Столкнувшись с эскапизмом целой нации, поддавшейся соблазну неведения, он понял, что смерть целых народов выносится за скобки счастливой повседневности, на некую территорию безмолвия. Наверно примерно тогда, Зебальд решил, что память – единственное пристанище для мертвых. Мертвых используют, их силуэты искажают, или попросту отказываются помнить, но святость Зебальда — если можно говорить о святости — проистекает из содействия полузабытым историям – до такой степени, что их фигуранты всплывают во внешнем для него мире, навязчивых галлюцинациях, перетекающих в интенсивное чувство изнеможения.

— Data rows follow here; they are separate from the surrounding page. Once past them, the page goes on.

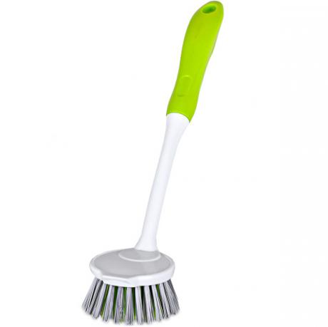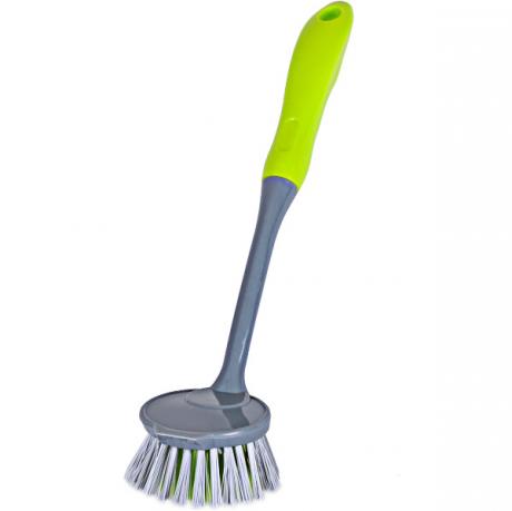 Щітка універсальна кругла з ручкою 3550-A — зручний господарський інструмент для очищення різних поверхонь у побуті та професійному використанні. Кругла робоча зона діаметром 6,5 см забезпечує ефективне видалення забруднень, а щетинки висотою 3 см добре справляються з брудом, не пошкоджуючи поверхню. Довжина ручки — 23 см, загальна довжина виробу — 28 см, що гарантує зручний хват і комфорт під час роботи. Підходить для прибирання кухні, ванної кімнати, сантехніки, плитки та інших господарських потреб. Практичний варіант для роздрібних і оптових продажів.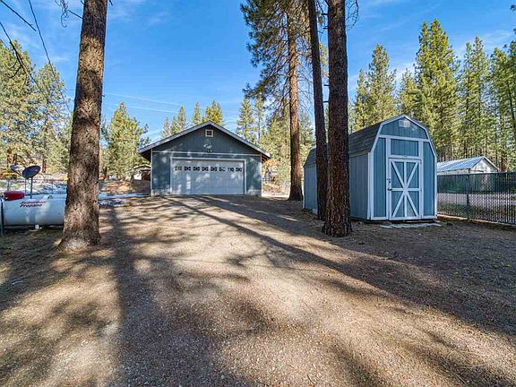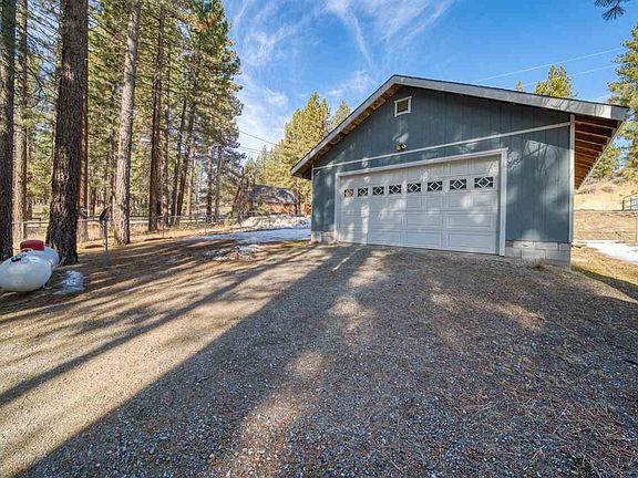 SPECIAL FULLY FENCED PROPERTY ON .35 ACRES. Well cared for manufactured home comes FULLY FURNISHED AND MOVE IN READY! This property is located across the highway from the Feather River and Portola River Walk with views of Beckwourth Peak. The large detached 2 car garage contains an attic with ample storage space. There is also a large storage shed near the garage. NEW CARPET in the interior of home which includes two bedrooms, a master bath with garden tub and separate shower, a large walk in closet, a second bath and plenty of windows throughout. Two heat sources including propane forced air and a Monitor Oil Stove. Covered porch to the front door was recently rebuilt. Property is on Portola City water and a septic system. Warm, cozy, sunny and bright, and ideal for either full-time living or a vacation get-away home. Limited time for showings as owner will be reviewing all offers on Saturday, March 20th; please call for showing as soon as possible.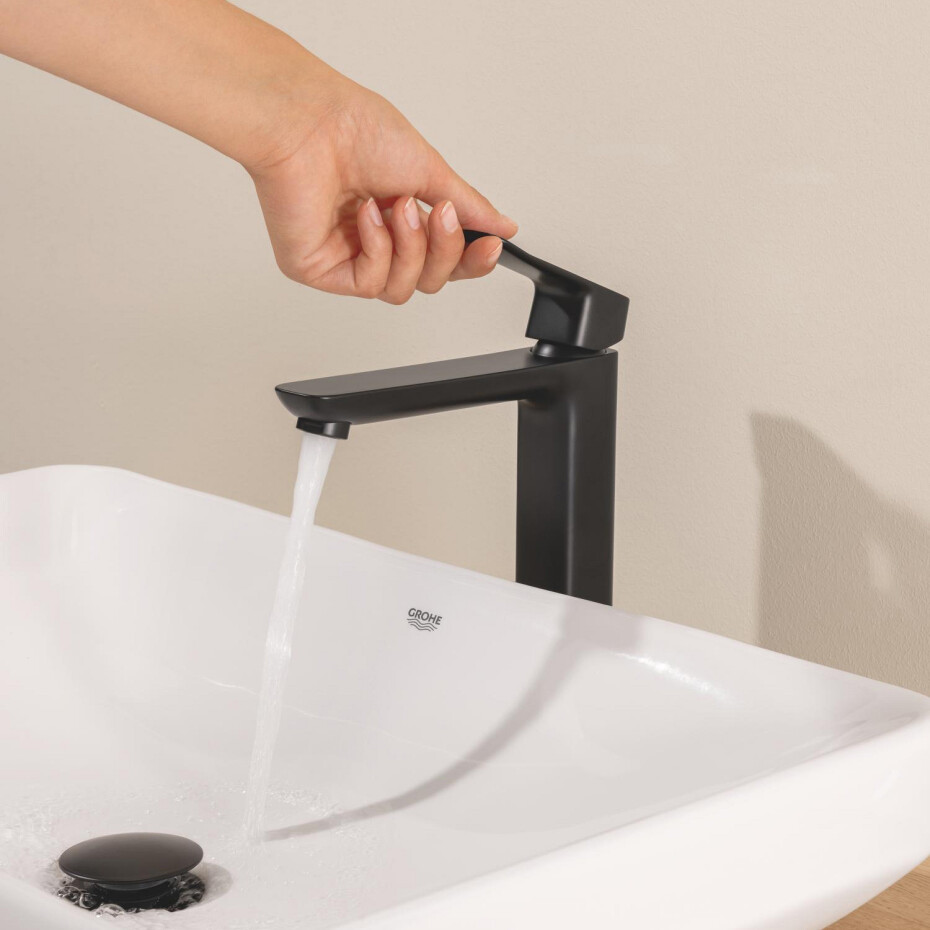 Змішувач для раковини Grohe QuickFix Dice XL-Size 1018922430 — ідеальний вибір для окремо розташованих раковин, де важливі не лише стиль і висота виливу, а й практичність. Змішувач виконаний у виразному чорному матовому кольорі, який підкреслює сучасний стиль ванної кімнати та зберігає бездоганний вигляд з часом завдяки зносостійкому покриттю GROHE Long-Life.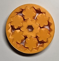 Spinner cu decupaje decorative în formă de flori, realizat prin imprimare 3D.

Переведенный на русский роман «Головокружения», как и «Кольца Сатурна» или «Аустерлиц», как и в сущности почти любой текст автора – об одном и том же: о попытке взять призраков в соавторы, о мертвых, в которых он находил спасение от зверств своей эпохи, и о таком именно зебальдовском мире, в котором все, что кажется ценным может найти себе место только в музеях, архивах, библиотеках, базиликах, руинах и запущенных домах – точках концентрации и фиксации истории, противостоящих банальности памяти.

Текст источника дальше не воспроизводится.